No final da década de 1960 do século XX, a Câmara começou a retornar ao seu modelo original. O projeto viabilizado pelo Iphan e conduzido pelo arquiteto Fernando Machado Leal foi financiado pela Prefeitura de Salvador. A obra foi marcada pelo retorno da fachada original do imóvel, assim como de elementos do projeto de Frei Macário de São João.
“Foram retirados os acréscimos feitos em 1888: a platibanda, os gradis novos e o revestimento. Por debaixo apareceu toda a cantaria e tudo aquilo que era do século XVII. O sino foi restituído para o lugar onde estava o relógio e tudo foi inaugurado com festa”, completa Francisco Senna.
No final da década de 1990 foi instalado o Memorial da Câmara Municipal de Salvador. Criado pelo Decreto Legislativo nº 855 de 10 de outubro de 1997 e inaugurado em 2001, o espaço conta as histórias da Câmara por meio de maquetes, documentos e material iconográfico.
Em visita ao memorial é possível visualizar o subsolo do prédio onde ficava a prisão, material arqueológico encontrado em obras de escavação para reforma, dentre outros elementos. A Câmara possui uma pinacoteca composta por retratos de personagens importantes para a história de Salvador pintados por artistas como Lopes Rodrigues, Presciliano Silva, Alberto Valença, Victor Meireles, Henrique Passos, Carlos Bastos e Floriano Teixeira. “A Câmara tem um papel político importantíssimo. É a Câmara que julga a prefeitura, que aprova os projetos. A Câmara é a instância maior, na verdade”, aponta Francisco Senna.

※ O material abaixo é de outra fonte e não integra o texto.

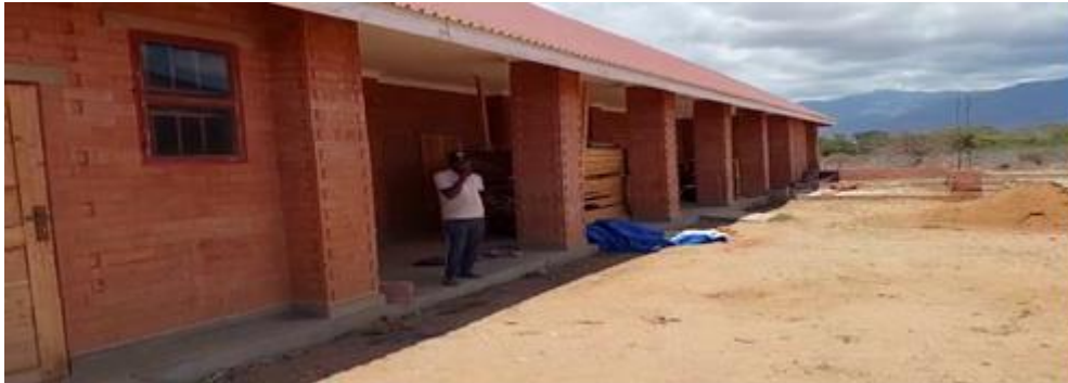
De slaapzalen, de keuken en de gemeenschappelijke ruimte VTC Mabilioni TZ

Além de espaço para o exercício da cidadania, afinal o povo é que delega o poder de representação por meio da escolha de vereadores, a Câmara de Salvador tem muito a contar sobre a história e transformações de Salvador, afinal os grandes embates sobre os mais variados temas a tiveram e ainda tem como um grande palco de mediação ou enfrentamento.
Cleidiana Ramos é jornalista e doutora em Antropologia
*A reprodução de trechos das edições de A TARDE mantém a grafia ortográfica do período.